*** Material to process ***

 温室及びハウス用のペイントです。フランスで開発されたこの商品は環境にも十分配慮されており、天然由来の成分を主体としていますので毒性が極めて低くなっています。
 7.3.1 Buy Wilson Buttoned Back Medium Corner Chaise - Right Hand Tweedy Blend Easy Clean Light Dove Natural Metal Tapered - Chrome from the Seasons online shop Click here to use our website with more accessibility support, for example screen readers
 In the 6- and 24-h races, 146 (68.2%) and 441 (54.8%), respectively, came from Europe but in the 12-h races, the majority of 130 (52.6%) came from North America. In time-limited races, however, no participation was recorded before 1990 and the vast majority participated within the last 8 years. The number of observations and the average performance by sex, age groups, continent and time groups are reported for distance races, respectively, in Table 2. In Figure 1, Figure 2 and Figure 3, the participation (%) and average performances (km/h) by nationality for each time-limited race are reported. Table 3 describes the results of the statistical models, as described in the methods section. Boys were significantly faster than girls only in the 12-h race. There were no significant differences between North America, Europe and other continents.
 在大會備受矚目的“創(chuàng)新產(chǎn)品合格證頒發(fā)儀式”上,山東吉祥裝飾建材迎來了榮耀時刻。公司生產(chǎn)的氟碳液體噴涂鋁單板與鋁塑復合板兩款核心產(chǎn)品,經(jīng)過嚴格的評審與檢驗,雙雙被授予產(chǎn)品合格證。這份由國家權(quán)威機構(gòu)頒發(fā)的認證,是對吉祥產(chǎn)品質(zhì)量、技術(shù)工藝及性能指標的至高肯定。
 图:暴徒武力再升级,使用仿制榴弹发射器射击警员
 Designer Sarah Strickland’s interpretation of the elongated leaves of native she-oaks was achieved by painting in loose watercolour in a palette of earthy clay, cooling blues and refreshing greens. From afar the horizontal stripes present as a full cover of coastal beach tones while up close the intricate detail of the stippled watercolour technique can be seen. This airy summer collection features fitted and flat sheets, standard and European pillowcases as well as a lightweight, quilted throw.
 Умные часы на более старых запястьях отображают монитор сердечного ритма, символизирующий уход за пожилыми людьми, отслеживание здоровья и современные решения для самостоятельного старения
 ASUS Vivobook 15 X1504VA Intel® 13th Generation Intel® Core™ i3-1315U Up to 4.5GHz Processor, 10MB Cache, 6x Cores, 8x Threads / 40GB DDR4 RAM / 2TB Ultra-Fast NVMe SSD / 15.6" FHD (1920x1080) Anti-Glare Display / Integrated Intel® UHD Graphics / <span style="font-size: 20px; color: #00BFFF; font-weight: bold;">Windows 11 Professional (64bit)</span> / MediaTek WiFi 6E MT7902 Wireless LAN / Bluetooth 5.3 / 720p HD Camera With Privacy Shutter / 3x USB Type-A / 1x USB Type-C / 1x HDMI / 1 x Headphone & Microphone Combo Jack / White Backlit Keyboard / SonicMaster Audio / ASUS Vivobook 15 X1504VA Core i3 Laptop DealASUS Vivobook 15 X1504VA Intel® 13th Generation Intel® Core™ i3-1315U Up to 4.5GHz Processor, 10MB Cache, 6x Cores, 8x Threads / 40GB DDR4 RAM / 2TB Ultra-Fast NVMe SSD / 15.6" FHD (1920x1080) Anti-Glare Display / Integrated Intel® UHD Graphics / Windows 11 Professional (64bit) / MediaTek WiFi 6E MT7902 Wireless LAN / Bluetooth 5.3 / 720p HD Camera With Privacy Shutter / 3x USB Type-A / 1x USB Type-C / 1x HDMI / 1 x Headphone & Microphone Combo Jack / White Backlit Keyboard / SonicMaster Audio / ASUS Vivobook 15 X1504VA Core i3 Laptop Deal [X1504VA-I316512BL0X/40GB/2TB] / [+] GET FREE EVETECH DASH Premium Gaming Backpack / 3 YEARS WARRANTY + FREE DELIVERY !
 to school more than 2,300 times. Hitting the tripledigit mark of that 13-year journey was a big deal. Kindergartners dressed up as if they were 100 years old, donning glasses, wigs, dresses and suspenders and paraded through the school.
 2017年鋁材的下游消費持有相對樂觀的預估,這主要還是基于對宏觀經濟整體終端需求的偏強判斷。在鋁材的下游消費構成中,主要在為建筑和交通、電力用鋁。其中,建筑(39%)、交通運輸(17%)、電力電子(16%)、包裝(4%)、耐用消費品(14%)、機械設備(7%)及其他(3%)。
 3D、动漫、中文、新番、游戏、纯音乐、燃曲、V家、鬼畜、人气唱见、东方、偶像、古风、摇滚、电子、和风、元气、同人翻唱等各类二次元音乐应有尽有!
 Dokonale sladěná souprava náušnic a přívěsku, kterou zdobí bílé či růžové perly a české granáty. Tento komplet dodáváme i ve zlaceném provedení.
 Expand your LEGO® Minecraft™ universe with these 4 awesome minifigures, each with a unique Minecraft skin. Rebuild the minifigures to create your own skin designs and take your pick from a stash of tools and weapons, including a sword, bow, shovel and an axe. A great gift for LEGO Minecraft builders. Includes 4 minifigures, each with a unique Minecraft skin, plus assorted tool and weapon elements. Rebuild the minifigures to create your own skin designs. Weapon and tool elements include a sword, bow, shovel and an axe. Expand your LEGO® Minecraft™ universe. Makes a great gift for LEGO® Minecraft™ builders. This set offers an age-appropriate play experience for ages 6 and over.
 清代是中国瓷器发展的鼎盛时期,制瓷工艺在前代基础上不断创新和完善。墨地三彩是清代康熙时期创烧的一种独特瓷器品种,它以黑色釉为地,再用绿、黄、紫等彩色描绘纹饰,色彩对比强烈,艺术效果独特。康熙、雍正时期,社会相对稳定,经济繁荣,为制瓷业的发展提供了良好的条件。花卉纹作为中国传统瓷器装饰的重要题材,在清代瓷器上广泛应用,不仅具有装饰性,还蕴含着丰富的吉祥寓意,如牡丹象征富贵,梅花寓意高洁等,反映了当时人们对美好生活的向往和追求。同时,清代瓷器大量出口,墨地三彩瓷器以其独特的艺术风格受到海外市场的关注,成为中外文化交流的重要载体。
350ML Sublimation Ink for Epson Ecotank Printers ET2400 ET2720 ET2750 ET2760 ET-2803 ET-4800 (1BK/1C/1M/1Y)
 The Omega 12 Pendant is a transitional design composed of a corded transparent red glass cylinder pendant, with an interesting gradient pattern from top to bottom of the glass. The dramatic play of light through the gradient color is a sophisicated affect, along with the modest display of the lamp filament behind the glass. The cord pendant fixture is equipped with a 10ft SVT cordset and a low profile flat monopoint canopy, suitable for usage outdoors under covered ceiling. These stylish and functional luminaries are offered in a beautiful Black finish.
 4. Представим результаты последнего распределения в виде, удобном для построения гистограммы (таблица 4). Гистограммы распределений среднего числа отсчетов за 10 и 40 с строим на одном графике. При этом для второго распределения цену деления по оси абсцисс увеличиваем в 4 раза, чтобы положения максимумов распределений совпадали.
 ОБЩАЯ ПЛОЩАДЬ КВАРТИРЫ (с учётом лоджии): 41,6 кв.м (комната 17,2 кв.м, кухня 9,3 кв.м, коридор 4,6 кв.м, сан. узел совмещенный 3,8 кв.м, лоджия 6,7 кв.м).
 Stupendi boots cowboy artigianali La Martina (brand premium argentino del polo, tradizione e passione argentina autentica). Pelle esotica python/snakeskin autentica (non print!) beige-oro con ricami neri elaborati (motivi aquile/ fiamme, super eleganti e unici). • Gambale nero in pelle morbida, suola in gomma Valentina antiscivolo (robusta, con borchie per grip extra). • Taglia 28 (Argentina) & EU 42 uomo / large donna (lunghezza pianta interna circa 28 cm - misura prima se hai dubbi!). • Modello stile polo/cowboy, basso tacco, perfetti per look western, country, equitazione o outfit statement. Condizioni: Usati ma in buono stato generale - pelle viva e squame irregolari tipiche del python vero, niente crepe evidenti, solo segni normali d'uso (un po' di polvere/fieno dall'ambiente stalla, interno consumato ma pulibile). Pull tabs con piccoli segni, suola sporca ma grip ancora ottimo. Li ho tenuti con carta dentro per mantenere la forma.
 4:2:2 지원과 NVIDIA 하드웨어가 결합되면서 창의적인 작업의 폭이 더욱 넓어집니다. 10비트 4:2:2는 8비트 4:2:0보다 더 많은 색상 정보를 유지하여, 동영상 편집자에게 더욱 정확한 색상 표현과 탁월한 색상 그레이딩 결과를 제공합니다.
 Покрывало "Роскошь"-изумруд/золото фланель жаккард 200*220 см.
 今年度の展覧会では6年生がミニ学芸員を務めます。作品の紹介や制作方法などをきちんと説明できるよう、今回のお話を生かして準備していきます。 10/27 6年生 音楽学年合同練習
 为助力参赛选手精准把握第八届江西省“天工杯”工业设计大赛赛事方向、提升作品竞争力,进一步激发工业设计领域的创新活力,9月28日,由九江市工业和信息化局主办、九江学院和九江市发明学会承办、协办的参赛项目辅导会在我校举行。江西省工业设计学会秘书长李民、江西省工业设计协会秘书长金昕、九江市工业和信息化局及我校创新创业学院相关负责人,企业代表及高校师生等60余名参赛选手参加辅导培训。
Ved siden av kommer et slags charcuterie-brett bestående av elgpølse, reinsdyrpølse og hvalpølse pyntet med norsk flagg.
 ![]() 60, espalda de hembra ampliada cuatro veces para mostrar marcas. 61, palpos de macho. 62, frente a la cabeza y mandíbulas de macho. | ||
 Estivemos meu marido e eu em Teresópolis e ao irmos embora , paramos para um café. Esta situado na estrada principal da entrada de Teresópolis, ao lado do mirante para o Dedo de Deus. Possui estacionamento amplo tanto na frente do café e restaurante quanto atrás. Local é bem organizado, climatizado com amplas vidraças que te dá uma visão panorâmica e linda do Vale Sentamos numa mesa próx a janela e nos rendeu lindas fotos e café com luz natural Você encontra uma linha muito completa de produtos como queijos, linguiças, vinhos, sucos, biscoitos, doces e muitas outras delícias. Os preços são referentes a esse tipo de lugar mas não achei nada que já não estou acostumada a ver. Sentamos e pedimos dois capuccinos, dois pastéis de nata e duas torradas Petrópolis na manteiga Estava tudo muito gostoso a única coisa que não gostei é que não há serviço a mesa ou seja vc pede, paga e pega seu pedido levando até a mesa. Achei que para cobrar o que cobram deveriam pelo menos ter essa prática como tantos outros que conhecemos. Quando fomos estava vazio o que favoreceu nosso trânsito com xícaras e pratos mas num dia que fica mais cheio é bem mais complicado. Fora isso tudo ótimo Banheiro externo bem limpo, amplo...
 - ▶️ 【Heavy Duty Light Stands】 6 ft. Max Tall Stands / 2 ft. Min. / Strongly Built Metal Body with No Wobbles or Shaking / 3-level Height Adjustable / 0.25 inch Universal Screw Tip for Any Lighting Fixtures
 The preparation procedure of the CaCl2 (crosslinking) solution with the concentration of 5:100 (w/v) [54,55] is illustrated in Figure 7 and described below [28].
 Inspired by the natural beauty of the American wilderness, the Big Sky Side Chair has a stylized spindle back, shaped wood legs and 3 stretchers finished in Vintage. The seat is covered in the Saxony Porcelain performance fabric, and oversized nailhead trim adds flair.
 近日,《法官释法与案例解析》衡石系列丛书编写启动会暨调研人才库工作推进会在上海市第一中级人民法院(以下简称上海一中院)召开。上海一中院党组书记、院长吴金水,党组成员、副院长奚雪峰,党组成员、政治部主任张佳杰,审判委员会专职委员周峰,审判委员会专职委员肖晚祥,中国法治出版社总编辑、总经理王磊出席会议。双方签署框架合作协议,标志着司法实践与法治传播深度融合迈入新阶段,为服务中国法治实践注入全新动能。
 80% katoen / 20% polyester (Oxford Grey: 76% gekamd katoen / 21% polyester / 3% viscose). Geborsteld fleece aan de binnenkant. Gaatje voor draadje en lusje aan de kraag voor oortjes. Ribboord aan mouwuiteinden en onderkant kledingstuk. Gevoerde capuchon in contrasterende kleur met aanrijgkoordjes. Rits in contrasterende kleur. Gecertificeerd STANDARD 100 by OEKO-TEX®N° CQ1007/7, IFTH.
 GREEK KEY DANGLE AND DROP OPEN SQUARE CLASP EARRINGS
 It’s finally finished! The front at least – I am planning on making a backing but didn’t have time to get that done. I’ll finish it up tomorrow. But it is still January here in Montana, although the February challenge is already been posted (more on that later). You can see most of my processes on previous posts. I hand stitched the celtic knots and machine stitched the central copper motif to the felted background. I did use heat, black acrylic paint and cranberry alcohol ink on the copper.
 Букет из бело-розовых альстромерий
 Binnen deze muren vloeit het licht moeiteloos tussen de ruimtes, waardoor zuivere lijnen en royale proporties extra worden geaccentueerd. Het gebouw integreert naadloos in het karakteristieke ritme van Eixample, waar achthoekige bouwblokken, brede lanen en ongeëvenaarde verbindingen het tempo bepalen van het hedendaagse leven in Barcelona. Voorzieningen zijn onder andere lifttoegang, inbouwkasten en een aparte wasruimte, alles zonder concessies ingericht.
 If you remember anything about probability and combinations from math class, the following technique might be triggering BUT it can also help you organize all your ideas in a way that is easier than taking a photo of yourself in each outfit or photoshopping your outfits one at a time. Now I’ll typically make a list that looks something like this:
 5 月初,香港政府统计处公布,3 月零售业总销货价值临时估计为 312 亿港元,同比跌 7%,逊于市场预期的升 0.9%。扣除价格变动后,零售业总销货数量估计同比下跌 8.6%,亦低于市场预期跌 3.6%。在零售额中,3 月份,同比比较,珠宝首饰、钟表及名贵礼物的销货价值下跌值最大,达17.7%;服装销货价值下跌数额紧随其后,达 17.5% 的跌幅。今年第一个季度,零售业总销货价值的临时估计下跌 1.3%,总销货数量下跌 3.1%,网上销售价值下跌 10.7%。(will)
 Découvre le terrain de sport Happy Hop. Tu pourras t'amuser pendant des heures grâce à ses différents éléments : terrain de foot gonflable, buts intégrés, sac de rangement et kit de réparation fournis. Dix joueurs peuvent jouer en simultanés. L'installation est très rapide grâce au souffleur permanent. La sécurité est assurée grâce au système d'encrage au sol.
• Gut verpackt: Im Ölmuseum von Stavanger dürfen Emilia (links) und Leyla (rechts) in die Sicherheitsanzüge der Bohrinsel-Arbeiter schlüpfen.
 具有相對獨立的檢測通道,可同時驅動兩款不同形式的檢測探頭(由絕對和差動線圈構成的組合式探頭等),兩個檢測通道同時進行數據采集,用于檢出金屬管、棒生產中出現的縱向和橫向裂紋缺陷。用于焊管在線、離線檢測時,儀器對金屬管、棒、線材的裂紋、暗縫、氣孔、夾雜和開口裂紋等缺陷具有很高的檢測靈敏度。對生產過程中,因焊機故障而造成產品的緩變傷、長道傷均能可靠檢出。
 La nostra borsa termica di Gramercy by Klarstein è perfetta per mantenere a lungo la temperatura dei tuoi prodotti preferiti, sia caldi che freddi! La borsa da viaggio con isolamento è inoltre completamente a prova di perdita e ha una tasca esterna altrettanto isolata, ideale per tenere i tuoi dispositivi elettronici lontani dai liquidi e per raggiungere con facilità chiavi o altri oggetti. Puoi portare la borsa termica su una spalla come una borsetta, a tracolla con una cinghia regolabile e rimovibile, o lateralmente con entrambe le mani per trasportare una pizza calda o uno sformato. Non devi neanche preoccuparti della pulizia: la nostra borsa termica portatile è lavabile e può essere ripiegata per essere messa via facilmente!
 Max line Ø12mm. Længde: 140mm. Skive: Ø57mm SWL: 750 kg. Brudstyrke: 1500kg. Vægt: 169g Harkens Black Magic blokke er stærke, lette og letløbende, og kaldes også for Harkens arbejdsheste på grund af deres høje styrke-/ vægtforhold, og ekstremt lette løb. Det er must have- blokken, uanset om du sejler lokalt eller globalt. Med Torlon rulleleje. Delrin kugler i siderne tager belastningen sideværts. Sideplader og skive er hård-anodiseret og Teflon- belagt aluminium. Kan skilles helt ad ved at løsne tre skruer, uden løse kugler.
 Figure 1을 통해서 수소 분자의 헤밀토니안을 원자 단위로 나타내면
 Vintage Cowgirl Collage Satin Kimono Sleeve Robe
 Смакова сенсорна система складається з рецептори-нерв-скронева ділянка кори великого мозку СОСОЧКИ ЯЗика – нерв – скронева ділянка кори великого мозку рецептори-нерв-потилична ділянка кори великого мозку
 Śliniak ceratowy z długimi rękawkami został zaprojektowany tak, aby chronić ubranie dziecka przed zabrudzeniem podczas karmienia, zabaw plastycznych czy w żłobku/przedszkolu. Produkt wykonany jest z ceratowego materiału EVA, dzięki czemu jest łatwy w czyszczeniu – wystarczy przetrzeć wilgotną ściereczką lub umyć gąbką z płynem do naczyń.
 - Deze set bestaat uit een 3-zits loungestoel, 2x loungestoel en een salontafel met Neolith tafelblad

*** End of Material to process ***

Task to carry out => For the lines above, output exactly those from the line containing "Vintage Cowgirl Collage" through the line containing "Смакова сенсорна система", and skip the others.

Result of this task =>
 Vintage Cowgirl Collage Satin Kimono Sleeve Robe
 Смакова сенсорна система складається з рецептори-нерв-скронева ділянка кори великого мозку СОСОЧКИ ЯЗика – нерв – скронева ділянка кори великого мозку рецептори-нерв-потилична ділянка кори великого мозку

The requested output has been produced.